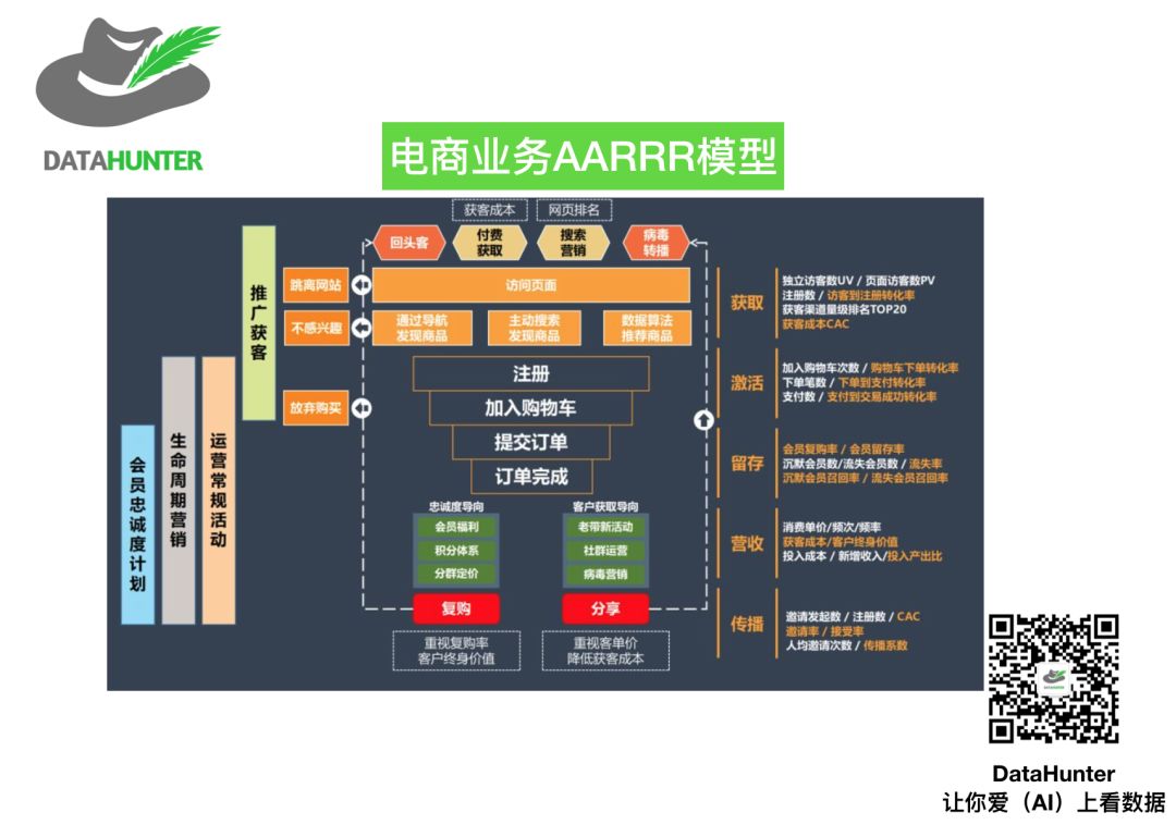 ①用户获取模型:AARRR从整个用户生命周期入手,包括Acquisition用户获取,Activation用户转化,Retention用户留存与活跃,Revenue用户产生收入,到发起传播Refer。
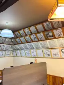 The walls of the restaurant are covered in autographs of celebrities, making for a photo-worthy atmosphere.
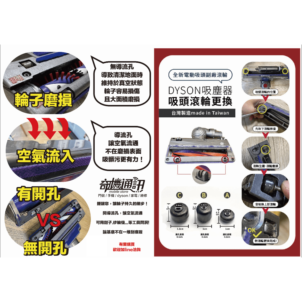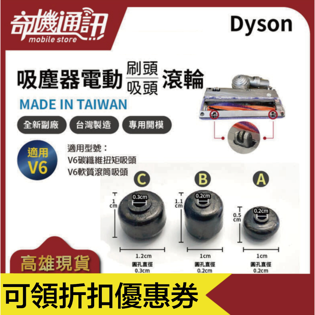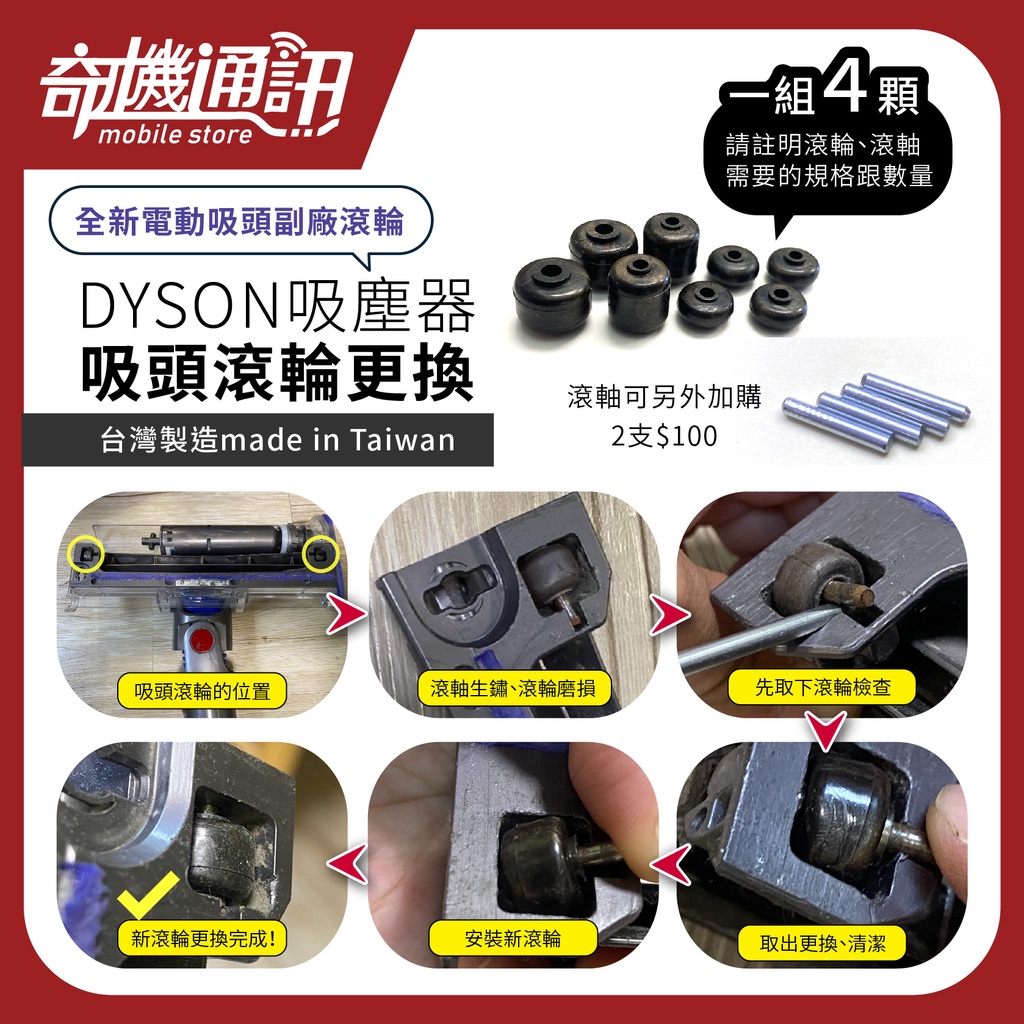 7G3C高雄【Dyson全新副廠滾輪】吸頭 刷頭 專用輪子 V11 V10 V8 V7 V6 座機 DC74 DC63A款式 4顆$189|B款式 4顆$189|C款式 4顆$189|A款式用滾軸2支$100|B款式用滾軸2支$100|C款式用滾軸2支$100|A款式 1顆$49|B款式 1顆$49|C款式 1顆$49Vacuum Cleaners & Floor Care Appliances7G3C 手機、門號、配件、3C、小家電 高雄

**Exercise instructions**.
Transcribe the opening line of the listing above, please, and every line after it through the line with "The walls of", word for word, without pictures.

**Solution below**.
 ①用户获取模型:AARRR从整个用户生命周期入手,包括Acquisition用户获取,Activation用户转化,Retention用户留存与活跃,Revenue用户产生收入,到发起传播Refer。
 The walls of the restaurant are covered in autographs of celebrities, making for a photo-worthy atmosphere.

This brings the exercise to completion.